Task item >>
Copy out the data exactly as it appears, without a single image.

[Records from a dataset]
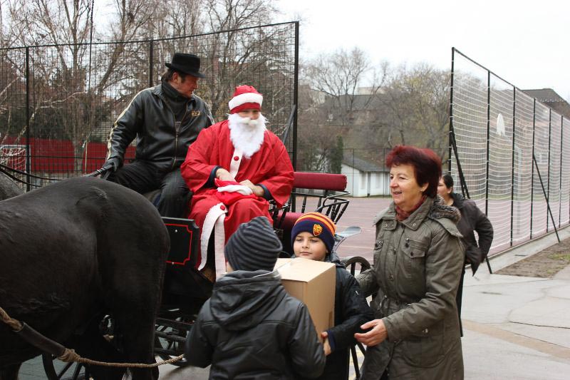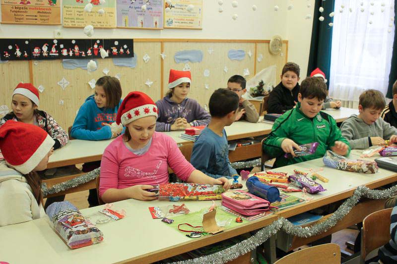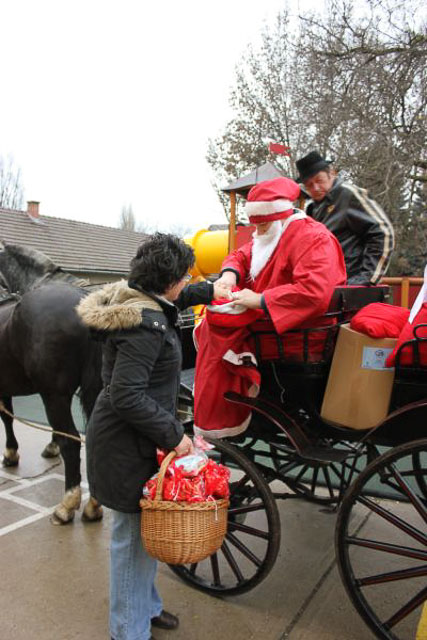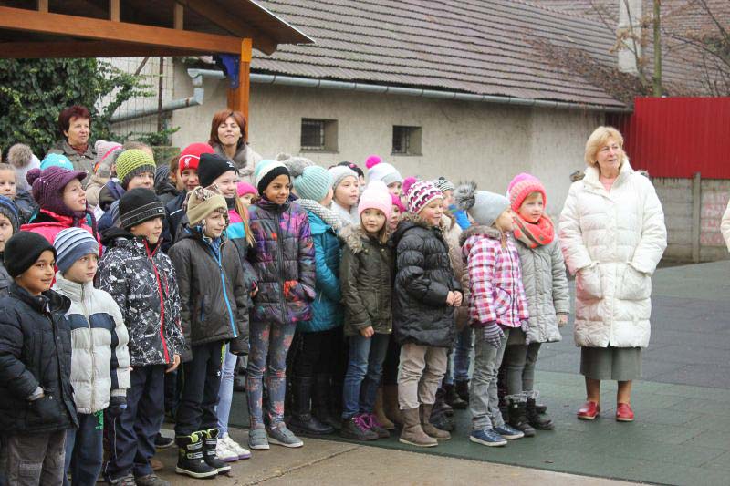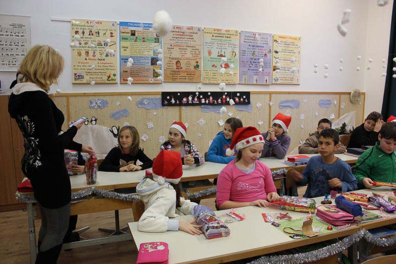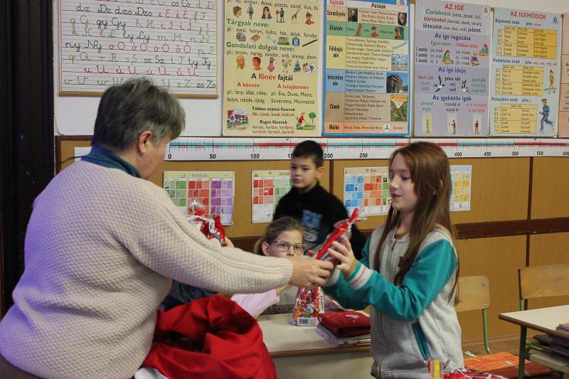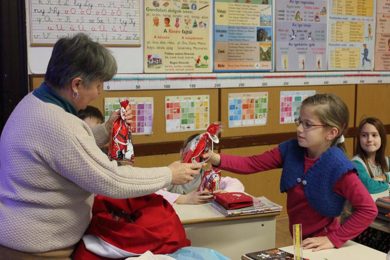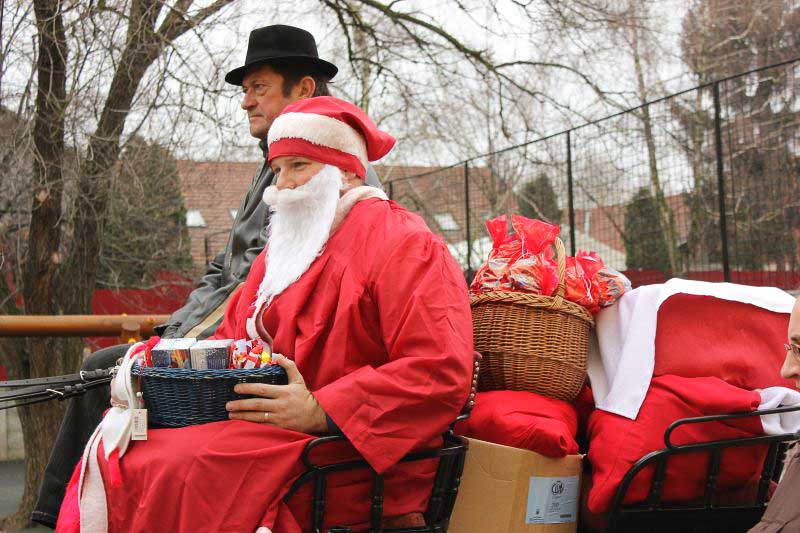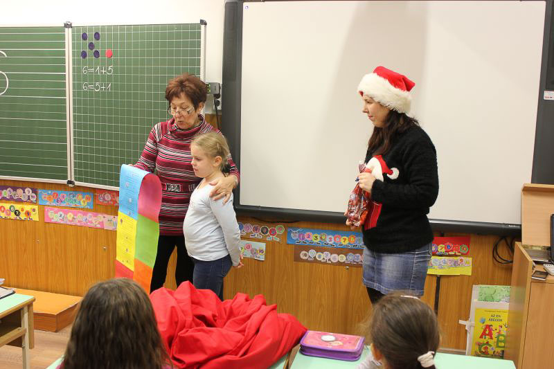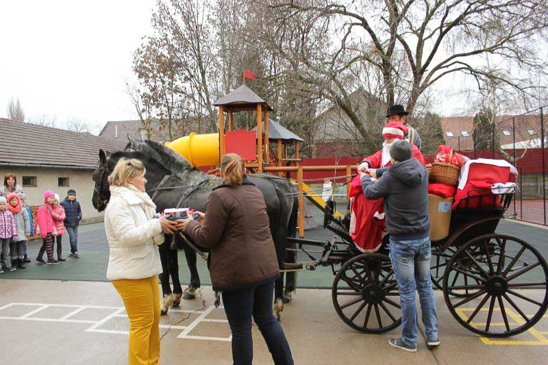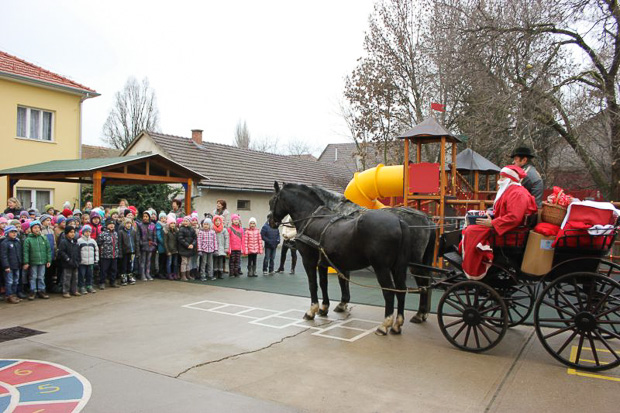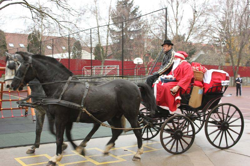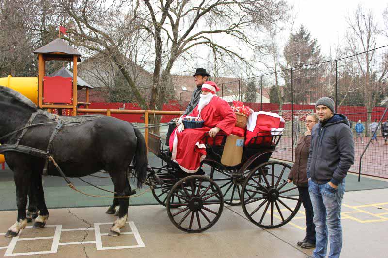 December 7-én ugyanúgy készültek az osztályok az első szünetben az udvarra, mint máskor. Mégis valami izgalom futott végig mindenkin, mert nem lehetett elfoglalni a játszóteret, rendezett sorokban kellett maradnia a gyerekeknek. Elkezdődött a suttogás: Mi lesz itt? Talán jön a Mikulás? Néhány perc elteltével megszólalt a zene. Ekkor már éreztük, hogy valami nagy dolog fog történni. Jól sejtettük, mert amint az alósok elkezdtek énekelni, a távolból feltűnt egy hintó, rajta a piros ruhás Mikulással. Nagyon meglepődtünk, hiszen így még nem érkezett hozzánk. És még ami mögötte volt, sok-sok csomagot láttunk, ami felénk közeledett. Az énekszóért cserébe hatalmas zsákok kerültek le a hintóról, amibe az osztályok ajándékai voltak. Egy szép dallal köszöntünk el Tőle és reméljük jövőre ismét találkozunk.
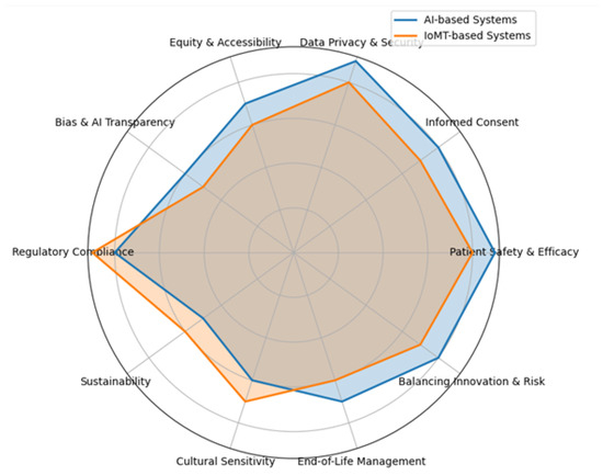 Figure 1 encapsulates the multifaceted ethical landscape surrounding the integration of AI and the IoMT in healthcare. These technologies promise transformative advancements, yet their deployment demands rigorous ethical scrutiny to ensure they align with societal values, patient rights, and global sustainability goals. Below is a comprehensive interpretation of the interconnected ethical domains and their implication. The radar chart visualizes ethical considerations for AI-based and IoMT-based systems in healthcare, comparing how each aligns with key ethical dimensions.
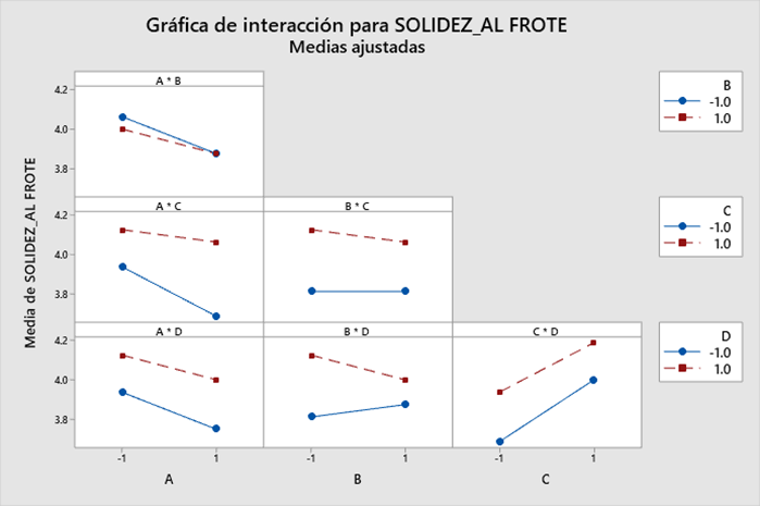 En la Figura 7 se observa la interacci n de los factores, y se puede ver que las rectas que definen el efecto en la solidez del color al frote son pr cticamente paralelas, a excepci n del factor AB, lo cual indica que existe una interacci n ligera; sin embargo, todas las interacciones de dos factores no son significativas, como se puede observar en los resultados del ANOVA de la Tabla 3.
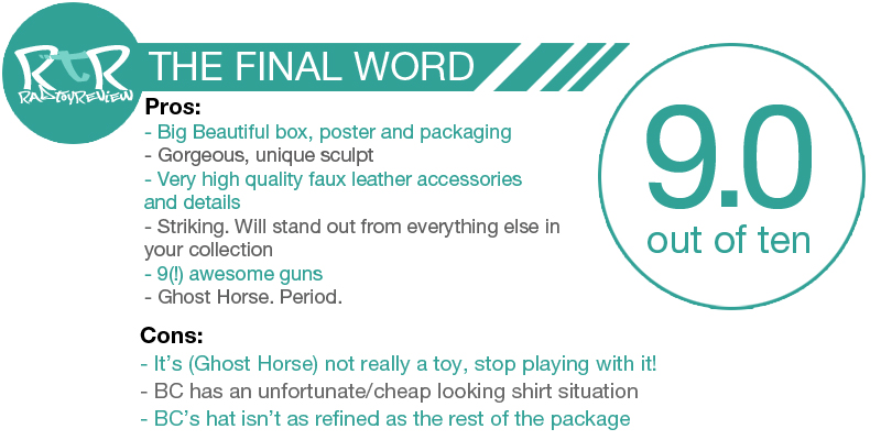 For once, I really have no criticism of a figure. It met and exceeded my expectations. Ghost is a beautifully detailed sculpture and the care 3A put into the saddle, wraps, bags and wooden (freak’n REAL WOOD!) slats are incredible. Old Ghosty is currently the crowned jewel of my collection. I don’t know what I’m going to do with myself when (not if) 3A tops him.
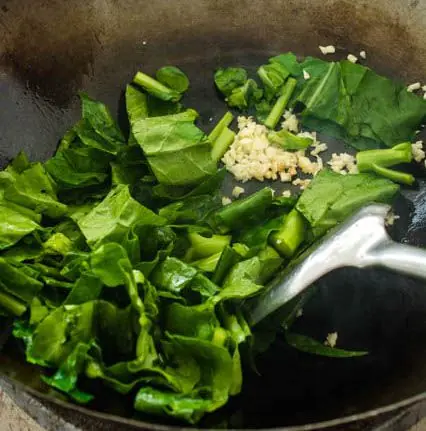 Add Cooking Oil (1 Tbsp) to the wok, followed by the Garlic (3 cloves), and Chinese broccoli. Stir-fry until the stems of the Chinese Broccoli are slightly soft, 1 - 2 minutes.
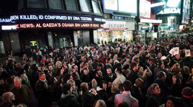 當?shù)貢r間5月1號,奧巴馬宣布擊斃了本拉登的消息之后,美國民眾在紐約時報廣場、911紀念遺址等地,舉行了慶祝活動。
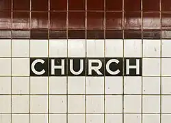 This underground station, located in Kensington,[32] has four tracks and two island platforms.[33] Both outer track walls have a maroon trim line with a Tuscan red border and small tile captions below them reading "CHURCH" in white lettering on a black background. This tile band is set in a two-tile-high course, an arrangement normally seen at local stations.[34] The tiles were part of a color-coded tile system used throughout the IND.[35] The tile colors were designed to facilitate navigation for travelers going away from Lower Manhattan. Because Church Avenue was an express station, it uses a different tile color from the next station to the north, Fort Hamilton Parkway.[36][37] All I-beam columns in the station are colored Hunter green. The station signs are in the standard black name plates with white lettering.[38]
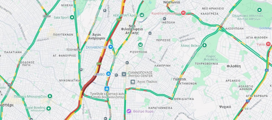 Κατά τα λοιπά «φορτώνουν» ολοένα και περισσότερο οι δρόμοι πέριξ του κέντρου, όπως οι λεωφόροι Βασιλέως Κωνσταντίνου και Βασιλίσσης Σοφίας, ενώ ανά τμήματα προβλήματα παρατηρούνται στις λεωφόρους Κηφισίας και Μεσογείων.
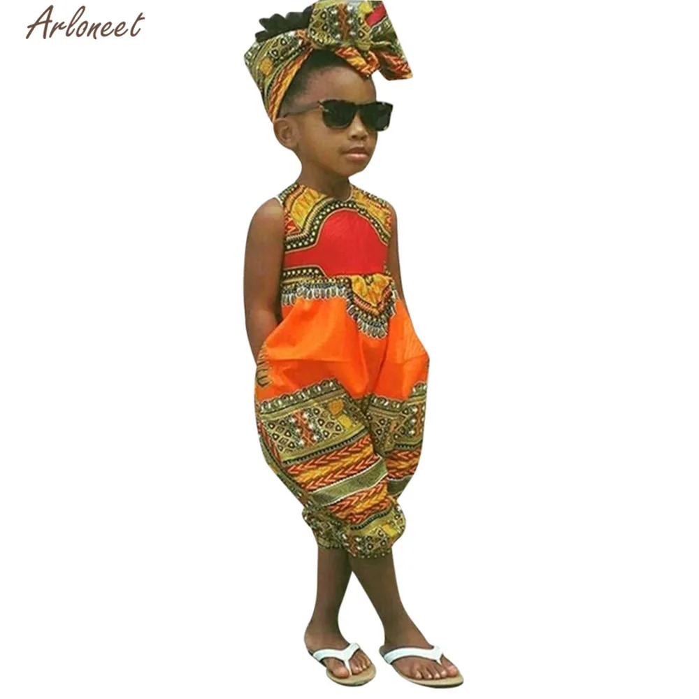 Одежда arloneet для девочек, детский полосатый комбинезон в народном стиле + повязка на голову, комплект детской одежды без рукавов, комплект од...
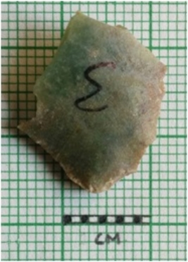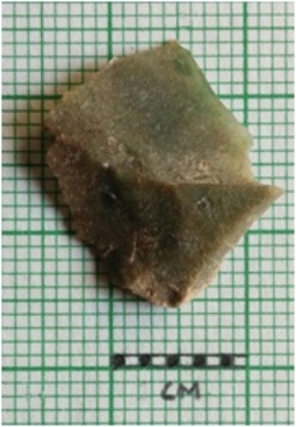 | Description / विवरण | The flat flake has a thin section and sharp flaked edges. The flake has a roughly squarish shape. |
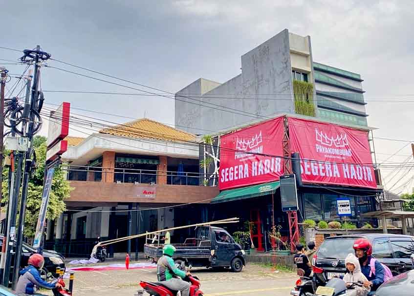Foto gedung yang diposting Arief dengan menutupnya menggunakan spanduk warna merah bertuliskan Segera Hadir dan lengkap dengan logo Padang Payakumbuah merupakan gedung bekas Social Corner.
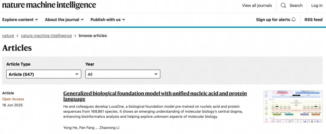 19日,阿里云AI for Science研究成果生物大基础大模型LucaOne登上国际顶级期刊《Nature Machine Intelligence》。
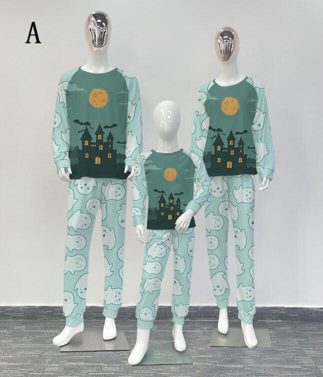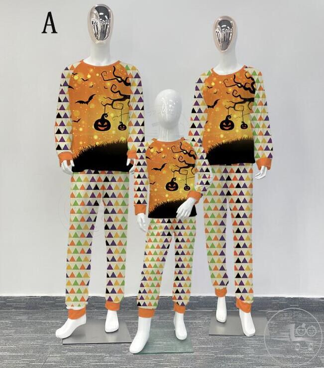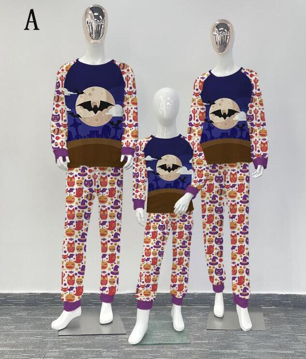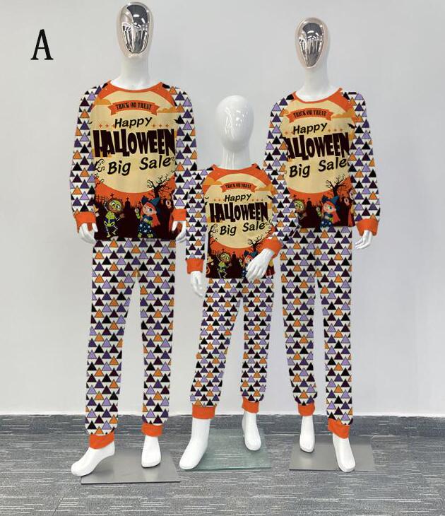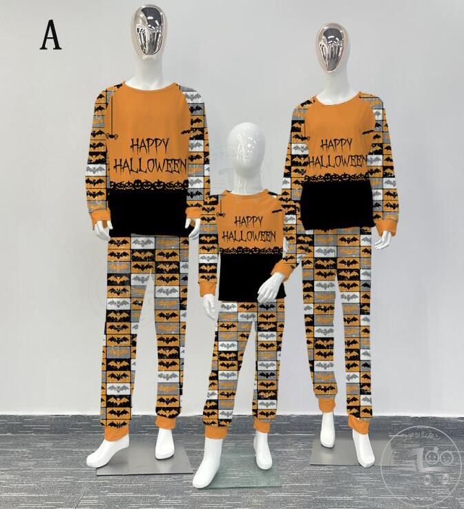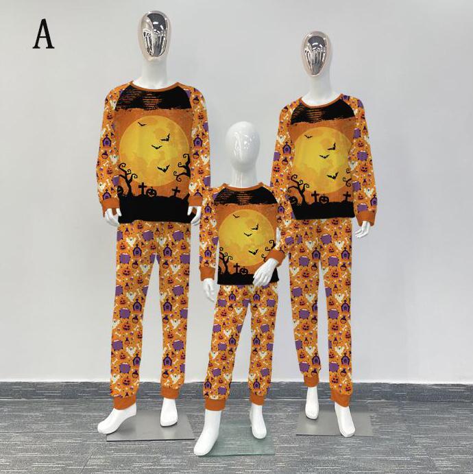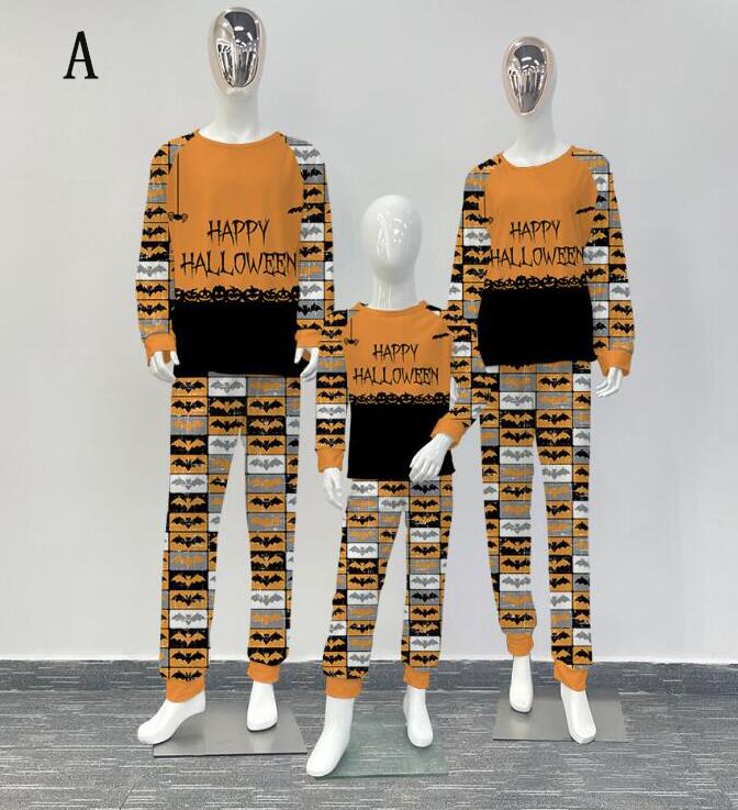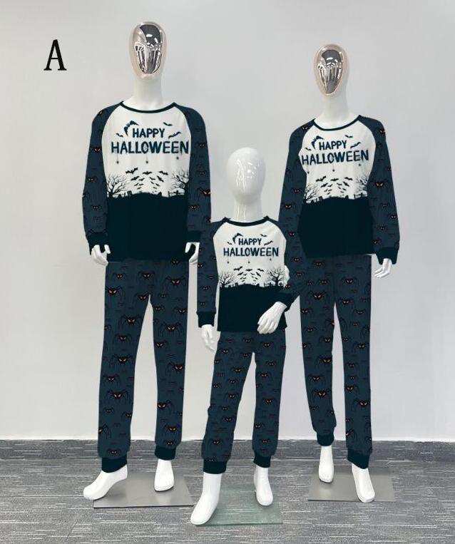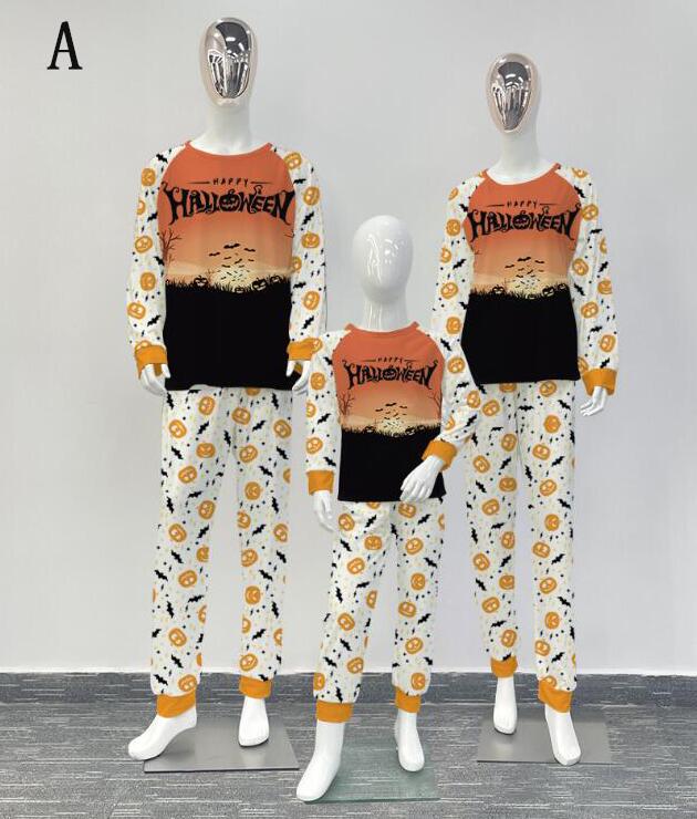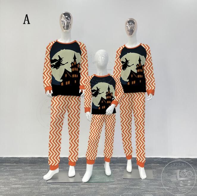 親子ペアハロウィンパジャマ ハロウィン元素プリントパジャマ Happy Halloweenルームウェア ws08 子供 男女兼用 ベビー ハロウィンコスプレ ロング丈パンツ 子供 ママ パパ 家族部屋着 長袖tシャツ パジャマ上下セット

Response to this task >>
 December 7-én ugyanúgy készültek az osztályok az első szünetben az udvarra, mint máskor. Mégis valami izgalom futott végig mindenkin, mert nem lehetett elfoglalni a játszóteret, rendezett sorokban kellett maradnia a gyerekeknek. Elkezdődött a suttogás: Mi lesz itt? Talán jön a Mikulás? Néhány perc elteltével megszólalt a zene. Ekkor már éreztük, hogy valami nagy dolog fog történni. Jól sejtettük, mert amint az alósok elkezdtek énekelni, a távolból feltűnt egy hintó, rajta a piros ruhás Mikulással. Nagyon meglepődtünk, hiszen így még nem érkezett hozzánk. És még ami mögötte volt, sok-sok csomagot láttunk, ami felénk közeledett. Az énekszóért cserébe hatalmas zsákok kerültek le a hintóról, amibe az osztályok ajándékai voltak. Egy szép dallal köszöntünk el Tőle és reméljük jövőre ismét találkozunk.
 Figure 1 encapsulates the multifaceted ethical landscape surrounding the integration of AI and the IoMT in healthcare. These technologies promise transformative advancements, yet their deployment demands rigorous ethical scrutiny to ensure they align with societal values, patient rights, and global sustainability goals. Below is a comprehensive interpretation of the interconnected ethical domains and their implication. The radar chart visualizes ethical considerations for AI-based and IoMT-based systems in healthcare, comparing how each aligns with key ethical dimensions.
 En la Figura 7 se observa la interacci n de los factores, y se puede ver que las rectas que definen el efecto en la solidez del color al frote son pr cticamente paralelas, a excepci n del factor AB, lo cual indica que existe una interacci n ligera; sin embargo, todas las interacciones de dos factores no son significativas, como se puede observar en los resultados del ANOVA de la Tabla 3.
 For once, I really have no criticism of a figure. It met and exceeded my expectations. Ghost is a beautifully detailed sculpture and the care 3A put into the saddle, wraps, bags and wooden (freak’n REAL WOOD!) slats are incredible. Old Ghosty is currently the crowned jewel of my collection. I don’t know what I’m going to do with myself when (not if) 3A tops him.
 Add Cooking Oil (1 Tbsp) to the wok, followed by the Garlic (3 cloves), and Chinese broccoli. Stir-fry until the stems of the Chinese Broccoli are slightly soft, 1 - 2 minutes.
 當?shù)貢r間5月1號,奧巴馬宣布擊斃了本拉登的消息之后,美國民眾在紐約時報廣場、911紀念遺址等地,舉行了慶祝活動。
 This underground station, located in Kensington,[32] has four tracks and two island platforms.[33] Both outer track walls have a maroon trim line with a Tuscan red border and small tile captions below them reading "CHURCH" in white lettering on a black background. This tile band is set in a two-tile-high course, an arrangement normally seen at local stations.[34] The tiles were part of a color-coded tile system used throughout the IND.[35] The tile colors were designed to facilitate navigation for travelers going away from Lower Manhattan. Because Church Avenue was an express station, it uses a different tile color from the next station to the north, Fort Hamilton Parkway.[36][37] All I-beam columns in the station are colored Hunter green. The station signs are in the standard black name plates with white lettering.[38]
 Κατά τα λοιπά «φορτώνουν» ολοένα και περισσότερο οι δρόμοι πέριξ του κέντρου, όπως οι λεωφόροι Βασιλέως Κωνσταντίνου και Βασιλίσσης Σοφίας, ενώ ανά τμήματα προβλήματα παρατηρούνται στις λεωφόρους Κηφισίας και Μεσογείων.
 Одежда arloneet для девочек, детский полосатый комбинезон в народном стиле + повязка на голову, комплект детской одежды без рукавов, комплект од...
 | Description / विवरण | The flat flake has a thin section and sharp flaked edges. The flake has a roughly squarish shape. |
Foto gedung yang diposting Arief dengan menutupnya menggunakan spanduk warna merah bertuliskan Segera Hadir dan lengkap dengan logo Padang Payakumbuah merupakan gedung bekas Social Corner.
 19日,阿里云AI for Science研究成果生物大基础大模型LucaOne登上国际顶级期刊《Nature Machine Intelligence》。
 親子ペアハロウィンパジャマ ハロウィン元素プリントパジャマ Happy Halloweenルームウェア ws08 子供 男女兼用 ベビー ハロウィンコスプレ ロング丈パンツ 子供 ママ パパ 家族部屋着 長袖tシャツ パジャマ上下セット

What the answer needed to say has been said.